Charge Distribution in a Parallel Plate Capacitor with Connected Plates

[carlyn medona]

Homework Statement

Each plate in the figure has area a and separation d , end of battery is e find charge supplied by battery

Homework Equations

The Attempt at a Solution

. each facing plate will have half the charge supplied by battery, but I am confused how the potential is applied[/B]

 

[haruspex]

each facing plate

Do you mean the two connected to the battery? If so...

will have half the charge supplied by battery

... but they are connected to opposite poles.

For the two plates not connected to the battery, what is the relationship between their charges, and what is the relationship between their potentials?

 

[carlyn medona]

I mean magnitude of charge on each facing plate, won't that be q÷2 and, the plates connected together are at same poyential

 

[haruspex]

each facing plate

I still do not know which plates you mean. There are four plates, and they face each other.

won't that be q÷2

Where q is what?

the plates connected together are at same poyential

Yes.

 

[carlyn medona]

Q is charge supplied by battery

 

[haruspex]

Q is charge supplied by battery

Does the battery gain a net charge?

 

[rude man]

You have 3 capacitors in series. Draw a schematic diagram, simplify if possible, then solve as a circuit problem.

 

[carlyn medona]

Is potential difference across the series connection equal to the emf of the battery?

 

[rude man]

Is potential difference across the series connection equal to the emf of the battery?
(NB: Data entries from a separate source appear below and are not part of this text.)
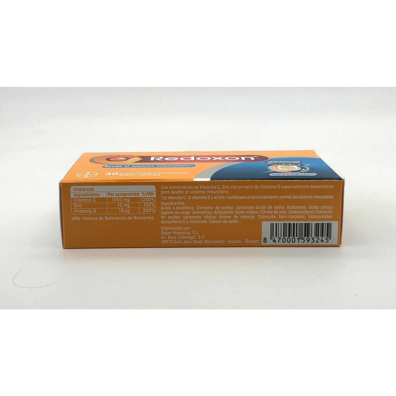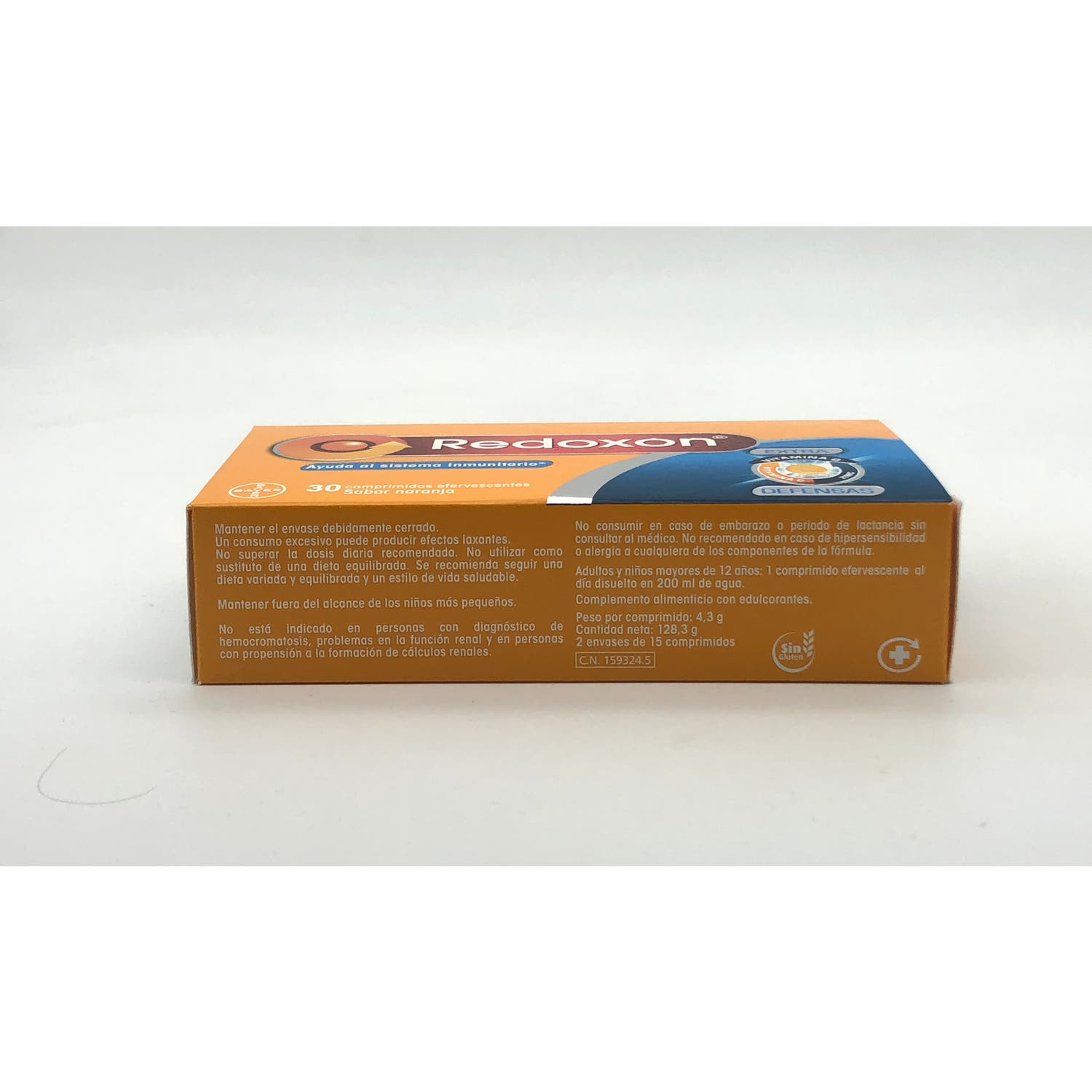 Bayer Redoxon Extra Defensas 30comp es un complemento alimenticio en forma de comprimidos efervescentes, con sabor a naranja, que ayuda al sistema inmunitario a proteger el organismo.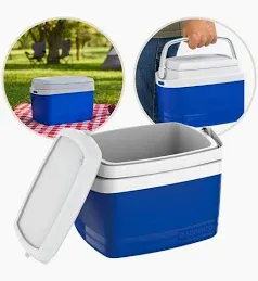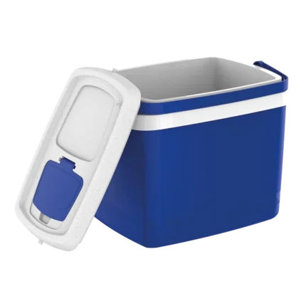 Caixa térmica azul com capacidade de 12 litros, ideal para conservar alimentos e bebidas em passeios, viagens e atividades ao ar livre.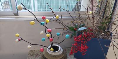 生活科の時間に、1年生が、シニアクラブの6名の皆様と一緒にまゆ玉作りを行いました。まゆ玉飾りは、作物の豊かな「実り」を表現したもので、今年の豊作を願って作るものだそうです。子どもたちは自分たちで作ったまゆ玉をミズの木に上手に飾り付けていました。エゴノキは、シニアクラブからいただいたも物を使わせていただきました。お忙しい中、子どもたちのために御協力をいただき、ありがとうございました。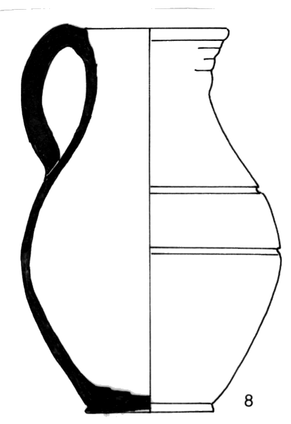 Pichet de forme elliptique étirée ; encolure verticale, concave, rebord en rouleau, lèvre ronde ; base étirée puis élargie, assise concave ; anse s'attachant sur la lèvre et sur la base du col ; céramique tournée, couleur orangée en surface et sur les cassures ; inclusions fines : quartz peu visible, mica ; surface avec revêtement micacé. Sillons sur le milieu et sur le haut de la panse.

No. Did you draw the diagram?

 

[haruspex]

@carlyn medona , you did not answer my question. You say q is "the charge supplied by the battery", which is fine, but seem to think that means it supplies q/2 to a plate on each terminal, which is definitely not fine. That would mean the battery itself acquires a net charge of -q, which is nonsense.
The terminals are oppositely in sign, so what does a battery "supplying a charge of q" mean?

 

[carlyn medona]

Okay, I thought this is how charge gets distributed, please correct me if I am wrong

 

[rude man]

Okay, I thought this is how charge gets distributed, please correct me if I am wrong

Your first tipoff that something is wrong is as follows: put a test charge inside the leftmost plate (4). The E field in that plate (E4) is of course zero. Now look at the contributions to E4 from all 8 sides of charge.
From side 8 (left side of leftmost plate) you get some E field, if non-zero, pointing, say, to the left (- charges on side 8). Now, sides 7 thru 2 cancel out any contribution to E4 since those are pairs of equal and opposite charge. That leaves side 1 to contribute to E4. But surface charge density on side 1 must be equal to that of side 8 in order to get a zero E4 field, yet you have those sides as being of opposite polarity, so something is wrong.

You'll have to show your work for further help. You do have equal and opposite charges on all inside adjoining surfaces, and you have Q2+Q4=0, and Q1+Q2+Q3+Q4=0, so that 's good. But somewhere you made a slipup (assuming I'm right to begin with ).

 

[haruspex]

Okay, I thought this is how charge gets distributed, please correct me if I am wrong

At last I know what you mean by "q/2 to each facing plate". You meant q/2 to each face of one plate (and -q/2 to each face of the other plate). A pity you did not try to explain that before.

I suggest you start by ignoring the other two plates and consider how charge would be distributed across the faces of the two connected to the battery. Would you still put magnitude |q/2| on each face? Then insert the other two plates and consider how charge would rearrange itself on those. Of course, that might lead to rearrangement of charge on the first two, but it should give you a better understanding of how things should look.

 

[carlyn medona]

I got electric field inside each plate to be zero, but not sure about charge distribution

 

[rude man]

I got electric field inside each plate to be zero, but not sure about charge distribution

This is incomplete and hard to read.
Show your work.

BTW if you haven't covered capacitance yet you can derive all 8 charge densities by the two equations in Q1-Q4 I posted in #12, plus σ = D plus V = - d⋅E.

(σ = Q/area, D = εE).

 

[haruspex]

I got electric field inside each plate to be zero, but not sure about charge distribution

The other thing to check is whether the two plates connected to each other are at the same potential. If so,that must be the solution.

 

[rude man]

The other thing to check is whether the two plates connected to each other are at the same potential. If so,that must be the solution.

That's true, but consider: you have 6 unknowns (the 5 non-redundant side charge densities plus the potential of the connected two plates). So you need 6 independent equations to solve for everything. Try to use the hints I gave you last time to come up with these equations.